TASK: The required answer is an exact copy of every line from the beginning of the entries through the line with "優しい色合いのブルームーン( ˶’ᵕ’˶ )💕", with all pictures omitted.

SOURCE MATERIAL:
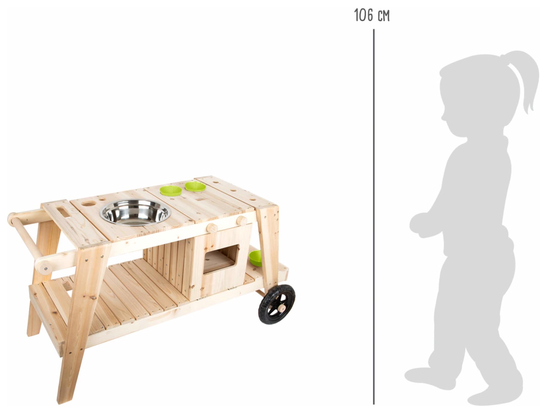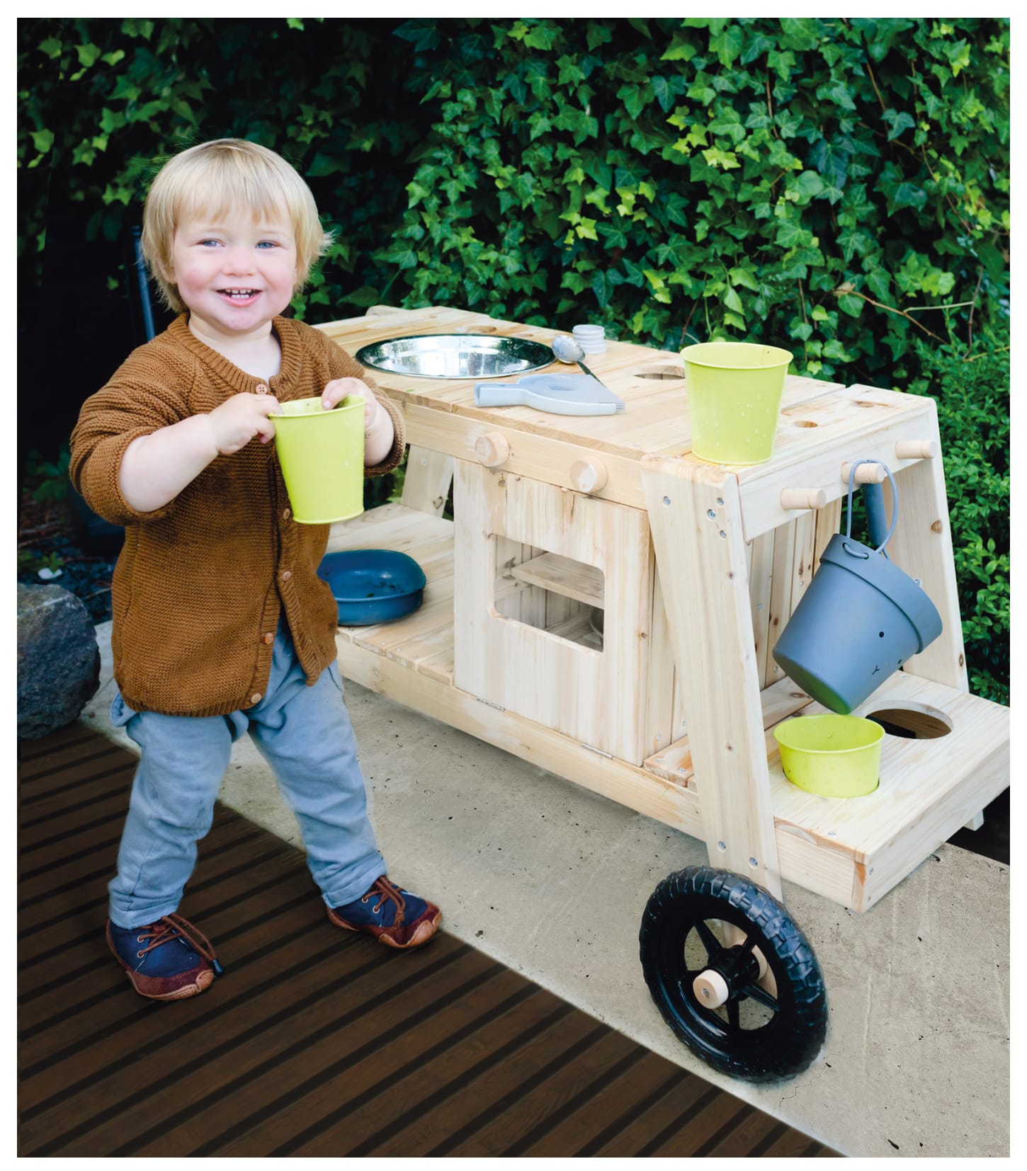 Mudderkøkken (Flytbar) er et fleksibelt og sjovt udekøkken til børn, der elsker at lege og udforske naturen. Med sin robuste konstruktion og flytbare design kan det nemt placeres i haven, på terrassen eller i børnehaven. Integrerede hylder og arbejdsflader giver masser af plads til kreative lege, mens det vejrbestandige materiale sikrer lang holdbarhed. Mudderkøkken (Flytbar) er den perfekte løsning til timevis af fantasifuld leg og læring i det fri.
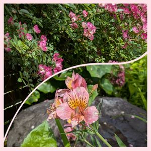 優しい色合いのブルームーン( ˶’ᵕ’˶ )💕 これも一番花ですが、遅れたせいか、葉も薄い色で花はピンクぃ感じ。優しく咲きました。 ②安曇野のなんちゃってアーチ。まぁまぁかな。枝先が樋を上がって行き、もはやuncontrollable😱 ③ようやくビクター君に5枚花弁が生まれ出しました。生き残っているモーヴァンとのコラボ、なるか🥰
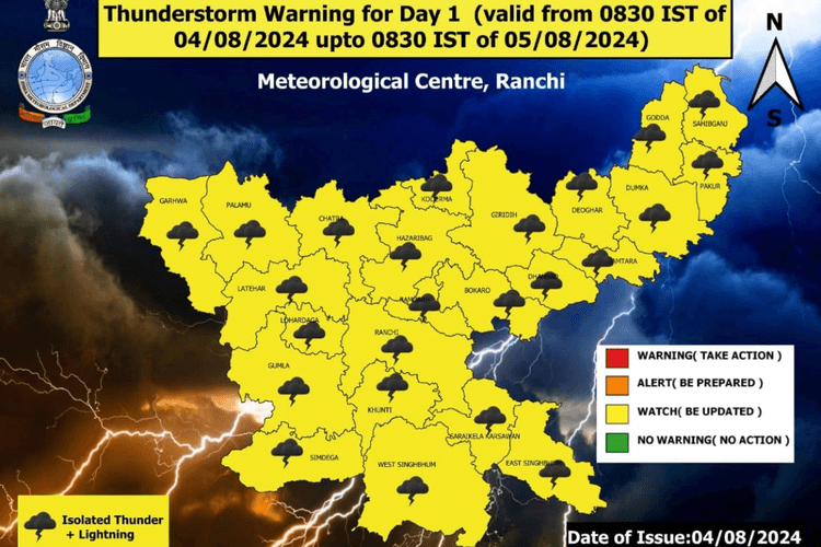 Jharkhand Rain Alert : झारखंड में पिछले तीन दिनों तक साइक्लोनिक सरकुलेशन के असर से तेज बारिश हुई. कई स्थानों पर अत्यधिक बारिश हुई. बारिश का असर जनजीवन पर भी पड़ा. कई स्थानों पर पुल-पुलिया बह गये. अब इसका असर कम हो गया है. मौसम विभाग ने 6 और 7 अगस्त को धनबाद, गिरिडीह, देवघर, गोड्डा, साहिबगंज, पाकुड़, दुमका और जामताड़ा में मूसलाधार बारिश का अनुमान जताया है. विभाग ने इसके लिए येलो अलर्ट जारी कर चेतावनी दी है.
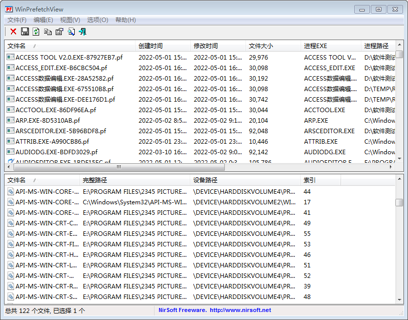 程序主窗口中包含了两个窗格:上部窗格显示了您系统中预读取文件的列表。当您选择了其中一个文件后,下部窗格会显示储存在该预读取文件中的文件信息列表。
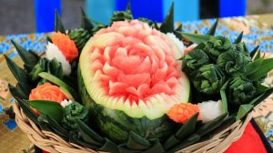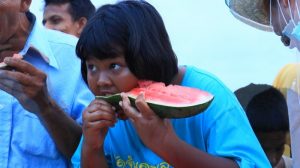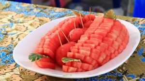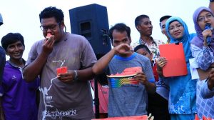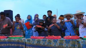 และไฮไลท์สุดท้ายคือ การแข่งขันกินแตงโม ซึ่งมีผู้เข้าร่วมการแข่งขัน ที่เป็นทั้งคนในชุมชน และข้าราชการในพื้นที่ โดยการแข่งขันให้ผู้เข้าร่วมแข่งขันทุกคนแข่งกันกินแตงโม ซึ่งเป็นผลไม้ประจำพื้นที่ตำบลโกตาบารูในช่วงเข้าสู่เดือนเมษายน หรือฤดูแล้ง ชาวบ้านจะหันมาปลูกแตงโมขาย และแตงโมที่ปลูกที่ ตำบลโกตาบารูนี้ มีรสชาติหวานกรอบ ซึ่งผู้ที่เข้าแข่งขันจะต้องกินแตงโมที่มีอยู่ในถาดจำนวน 10 ชิ้นให้หมด ใครที่กินหมดก่อนจะเป็นผู้ชนะ และการแข่งขันก็เริ่มขึ้น ผู้เข้าร่วมแข่งขันทั้ง 9 คน ก็ต่างขะมักเขม้นในการกินแตงโมกัน โดยไม่สนใจใครทั้งนั้น เมื่อกินไปได้สักพัก ผู้เข้าแข่งขันต่างเริ่มมีอาการ ตามที่เห็นในภาพ และสุดท้าย ผู้ชนะ อันดับที่ 1-2-3 ก็เป็นประชาชนที่เข้าร่วมการแข่งขันในครั้งนี้ โดยสร้างความสนุกสนาน ทั้งเสียงเชียร์และรอยยิ้มกันไปทั้งงาน นอกจากนี้ก็ยังมีการออกร้านนิทรรศการของกลุ่มนักศึกษาอีกจำนวน 11 ร้านด้วยกัน
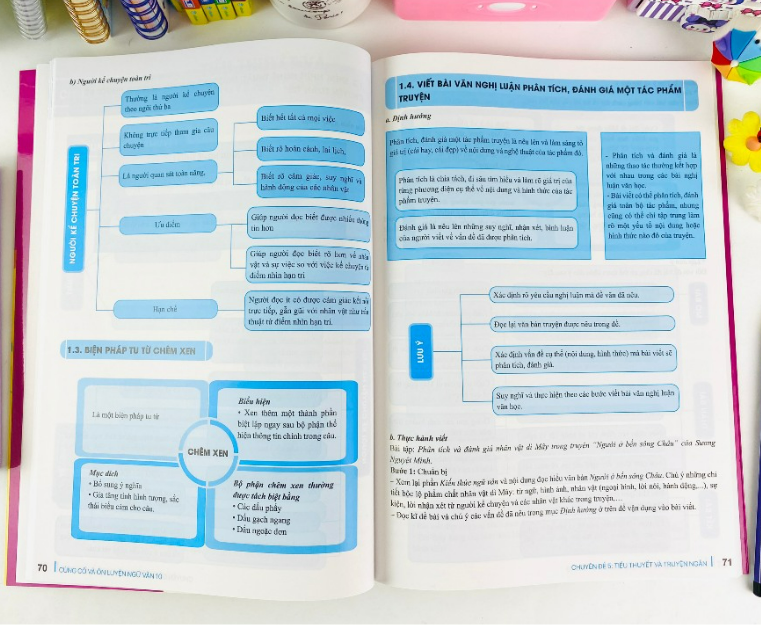 - Thứ ba, Phần đáp án của các bài tập tự luyện và đề thi: Nhóm tác giả gợi ý cách làm và trả lời câu hỏi, một số bài được làm mẫu, một số bài gợi mở các hướng giải quyết cho học sinh. Như vậy, cuốn sách giúp học sinh tiếp nhận tri thức một cách chủ động qua việc đọc, tóm tắt, ôn luyện kiến thức, thực hành luyện tập thông qua các bài rèn luyện và phát triển kĩ năng đọc và viết.
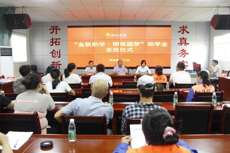 8月28日上午,明佳集團(tuán)工會(huì)“金秋助學(xué)·明佳圓夢(mèng)”助學(xué)金發(fā)放儀式在集團(tuán)公司三樓會(huì)議室舉行,為8個(gè)考取大學(xué)的職工子女發(fā)放助學(xué)金共計(jì)9600元?偛藐愒啤⒏笨偨(jīng)理鐘寒參加發(fā)放儀式,儀式由工會(huì)主席高斐斐主持。
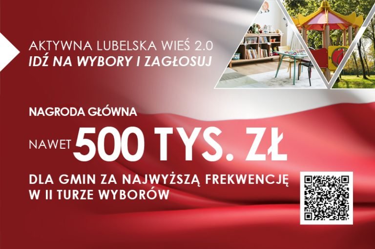 W związku z II turą wyborów na Prezydenta Rzeczpospolitej, Urząd Marszałkowski Województwa Lubelskiego w Lublinie zaprasza do jak najliczniejszego udziału w wyborach i sięgnięcia po środki dla swoich „małych ojczyzn” w ramach akcji „Aktywna Lubelska Wieś 2.0”. Budżet konkursu to ponad 1 milion złotych. Więcej informacji w załaczeniu.

RESULT OF THIS TASK:
 Mudderkøkken (Flytbar) er et fleksibelt og sjovt udekøkken til børn, der elsker at lege og udforske naturen. Med sin robuste konstruktion og flytbare design kan det nemt placeres i haven, på terrassen eller i børnehaven. Integrerede hylder og arbejdsflader giver masser af plads til kreative lege, mens det vejrbestandige materiale sikrer lang holdbarhed. Mudderkøkken (Flytbar) er den perfekte løsning til timevis af fantasifuld leg og læring i det fri.
 優しい色合いのブルームーン( ˶’ᵕ’˶ )💕 これも一番花ですが、遅れたせいか、葉も薄い色で花はピンクぃ感じ。優しく咲きました。 ②安曇野のなんちゃってアーチ。まぁまぁかな。枝先が樋を上がって行き、もはやuncontrollable😱 ③ようやくビクター君に5枚花弁が生まれ出しました。生き残っているモーヴァンとのコラボ、なるか🥰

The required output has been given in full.